Give again, exactly and only, the lines running from the one with "Solitaire Pear Shape" to the end of the material below; leave out pictures.

#### SUPPLIED MATERIAL

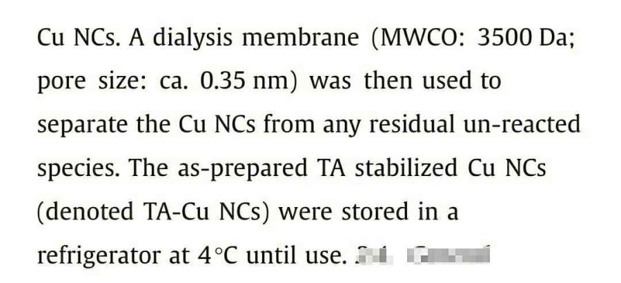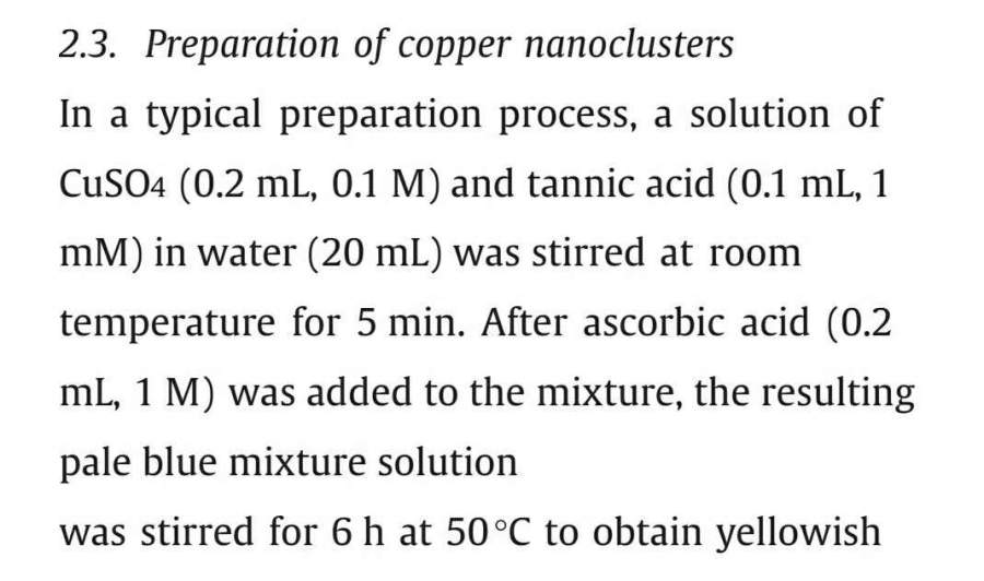 典型的铜纳米团簇制备过程: 1 将CuSO4(0.2mL,0.1M)与鞣酸(0.1mL,1mM)的混合水溶液在室温下搅拌5分钟; 2 向混合溶液中添加抗坏血酸(0.2mL,1M),得到的浅蓝色溶液;将该溶液在50℃搅拌6h,得微黄色铜纳米团簇; 3 以透析膜(MWCO: 3500 Da, 孔径约0.35nm)将铜纳米簇与未反应物分离; 4 在使用前,将所制备的TA稳定铜纳米簇(命名为TA-Cu NCs)置于冰箱中,4℃保存。 供参考。 |
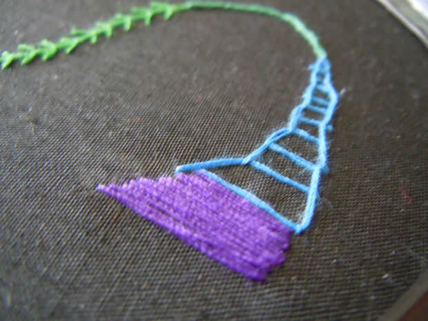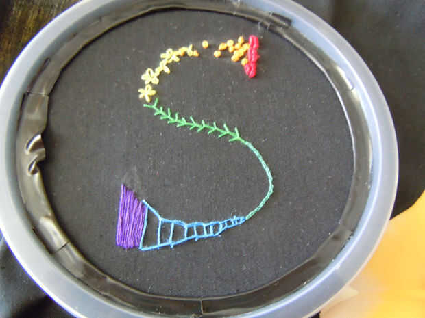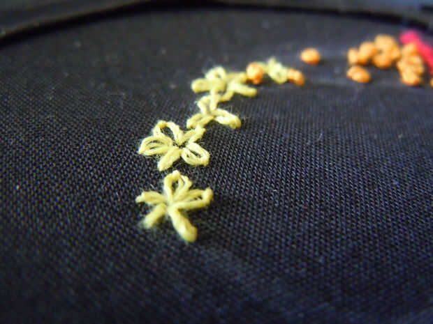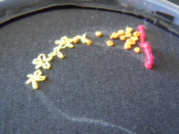 En orden, he usado rodillo puntada, nudos franceses, perezosos margaritas, mosca la puntada, puntada de cadena, doble manta y finalmente satinado.
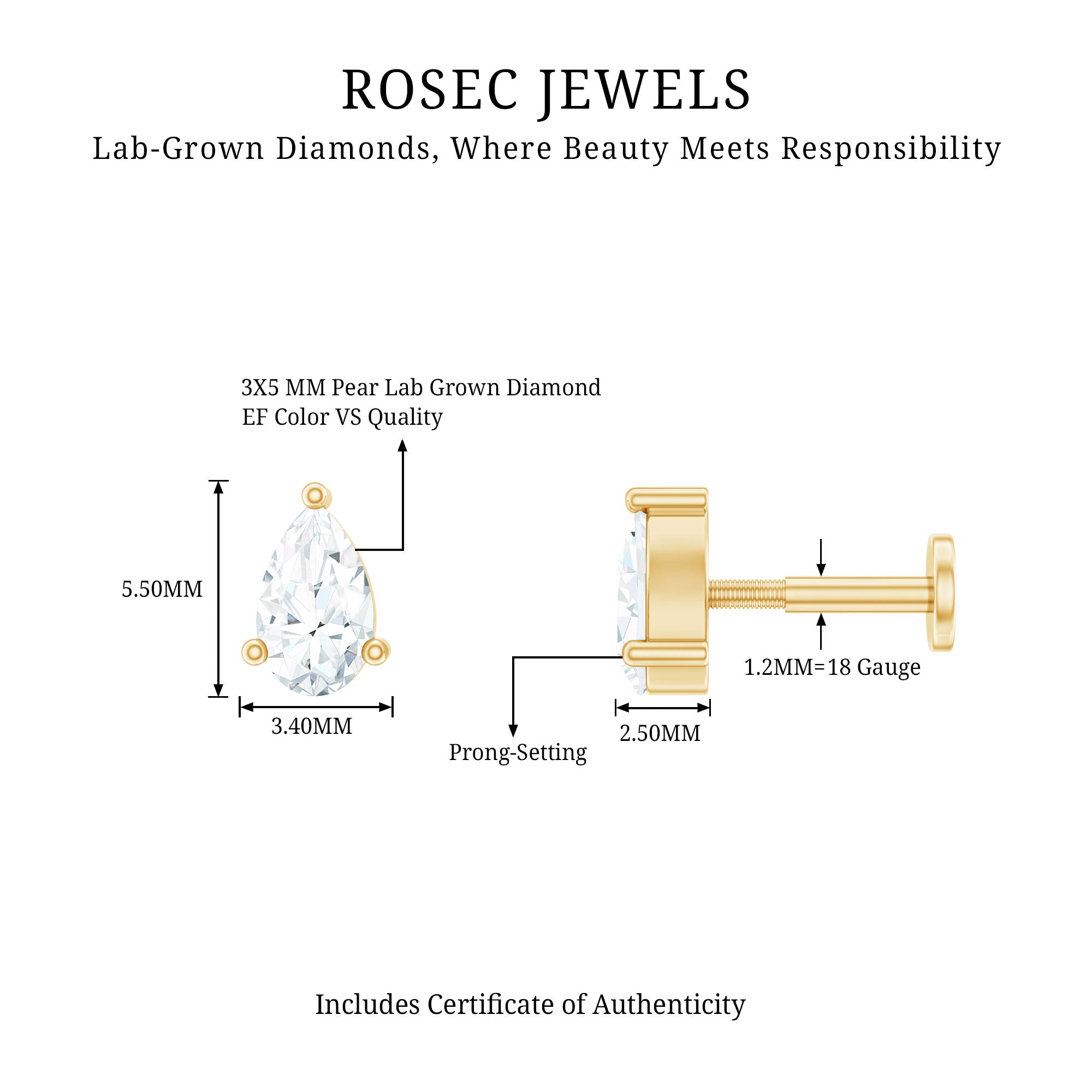 Solitaire Pear Shape Diamond Earring for Tragus Piercing ‐ Lab - ( EF-VS ) / 14K Yellow Gold / Flat Back 5.5 MM
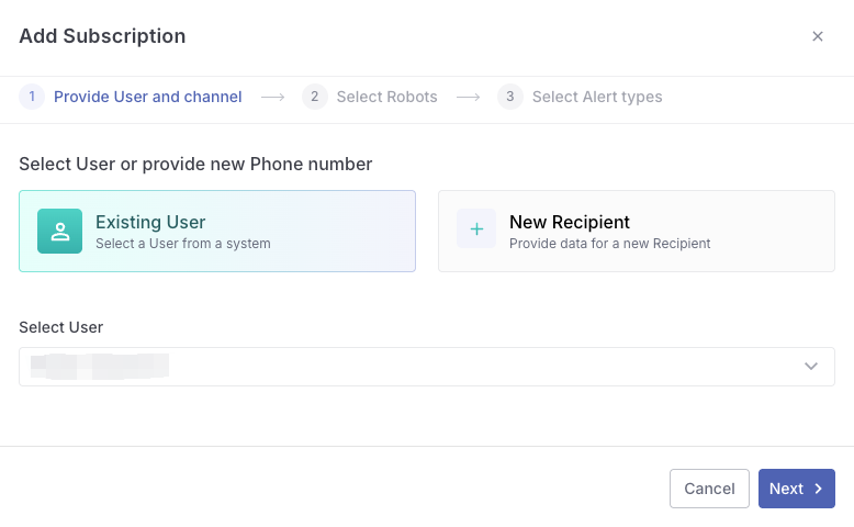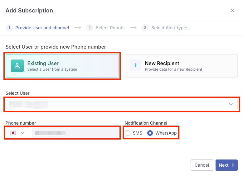 Existing User(既存ユーザー)」とUser名を選択し、Phone numberを入力してNotification Channel(SMSまたはWhatsApp)」を選択します。Nextをクリックします。

########

* ANSWER TO THIS EXERCISE *
 Solitaire Pear Shape Diamond Earring for Tragus Piercing ‐ Lab - ( EF-VS ) / 14K Yellow Gold / Flat Back 5.5 MM
 Existing User(既存ユーザー)」とUser名を選択し、Phone numberを入力してNotification Channel(SMSまたはWhatsApp)」を選択します。Nextをクリックします。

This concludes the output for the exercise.